Last week, I was chatting with a friend. Talking about the unseemly brutishness of President Trump as well as the occasional rudeness one finds in everyday social life, she said something that stuck with me: “I will just never understand a person’s inability to be kind.” Whether thinking of the uncourteous self-centered style of Trump or the everyday ways people snub or reject others, she just feels a fundamental dissonance over how people can fail to show kindness to others.
I thought this was such a great insight. For whatever one thinks about politics or social issues, whatever one believes about God and religion, whatever one prioritizes with their time and talents, I feel like most everyone could agree that mutual kindness is a fair minimum standard for all members of the human family.
I don’t know that we’re going to solve the quagmires of social respect anytime soon; there’s no quick fix for Twitter trolling, echo chambers, radicalization, and more. But I think there’s a major root cause of our lack of kindness that needs confrontation: busyness.
We are becoming increasingly busy people. The moments of quiet or stillness in a modern life are few and far between. Our screens are streaming something; our phones are buzzing and sounding with new notifications; our speakers and earbuds are pounding with music. Even when we’re “resting” or “relaxing,” we’re often still multi-tasking, putting a show on in the background while skimming through notifications and updating ourselves on our feeds. This is true at work, too, where many of our jobs are connected to email inboxes that pile up with new messages at alarming rates, and in ways that follow us home through our constant connectivity.
I am seeing more and more instances of this busyness causing people to act rudely and often to ignore people. I think witnessing others’ busyness often helps me to be more patient and compassionate toward them, even when they are rude or ignore me, but it doesn’t mean that it doesn’t still hurt when it happens.
For some reason, busyness seems to have become a legitimate and acceptable excuse for being unkind to others. I think of Jim Gaffigan’s reflection about how having five kids can sometimes become an implicit RSVP of “no” to various events and invitations because sometimes, logistically, a family of seven just can’t make it to something. But that type of context comes from a much different place than our modern busyness, which seems more focused on a person as an individual with an eye to personal needs and priorities that doesn’t look outward as easily.
When you apply for a job or inquire about a position -- and even sometimes when you do a job interview and meet employers personally -- you may never hear anything back.
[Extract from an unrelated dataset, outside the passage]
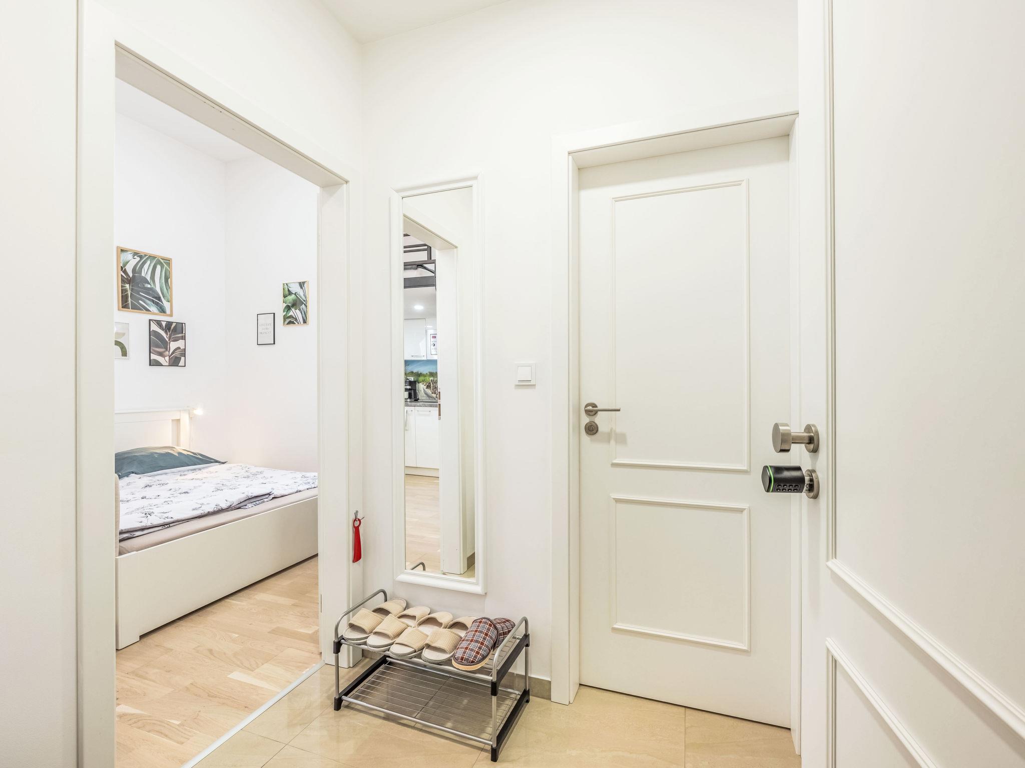 2-room apartment 32 m2 on 2nd floor. Bright, fully renovated, very beautiful and modern furnishings: entrance hall. Living/dining room with 1 sofabed, 1 double bed, dining table and TV. Open small gallery with 2 sleeping facilities. Kitchenette (2 induction hot plates, toaster, kettle, microwave, freezer, electric coffee machine). Shower/WC. Facilities: washing machine, baby cot, hair dryer. Internet (WiFi, free). Please note: suitable for families apartment courtyard side. Non-smokers only. Maximum 1 pet/ dog allowed. Smoke alarm. Instead of an enclosed bedroom, some sleeping areas are located in an open-plan area (gallery, alcove, etc.).

When you get to a counter at a business, you often aren’t greeted or welcomed but just treated at another task to complete. When you text or call a friend to meet up, you may never get a reply. Somehow, efficiency has leapfrogged kindness, and human encounter is the victim.
We need to confront our habits and ask how the way we are acting is impacting relationships -- is my action or lack thereof hurting the way I connect to others? Or am I taking intentional steps to create, sustain, and develop human relationships? I think first of the massively high numbers that populate people’s inboxes and apps. Are all of those notifications being answered? Are you leaving some unchecked or unread? Is that inaction hurtful or neglectful to that person and the relationship?
I don’t have a solution for Snapchat because watching teenagers blitz through screens with the little ghost almost literally makes me sick. But when it comes to a clogged inbox, maybe it involves adding an auto-reply explaining that you are behind on emails and may not catch up until a certain date, to at least give the sender a moment to know they have been heard and will receive a response. Maybe it involves a certain window of time daily or semi-daily to more carefully review notifications and new messages and to reply to each person with some thoughtfulness. Maybe it involves changing one’s phone number or email address and starting from scratch with a message to all one’s contacts that you’re starting over and hoping not to fall behind them.
I am not out to demonize college professors, public figures, and other people in consistently high demand. And I’m certainly a bit of a nobody with underpopulated inboxes and a dearth of notifications relative to peers. I just want a pause-and-think moment where we establish better standards for our communication that more closely match the courtesy and kindness of the increasingly bygone eras of telephone calls, face-to-face meetings, and the less mediated communications.
And I hope I never reach a point where people’s outreach to me outstrips my desire and ability to respond, though it sometimes feels inevitable with the cacophony of notifications always bearing down. If our connectivity is so ubiquitous and potent that we are becoming too busy to be kind, the ends of efficiency and productivity no longer justify the means that such technology enables. We have to stop ourselves from being so busy that we ignore people; we cannot be too busy to be kind.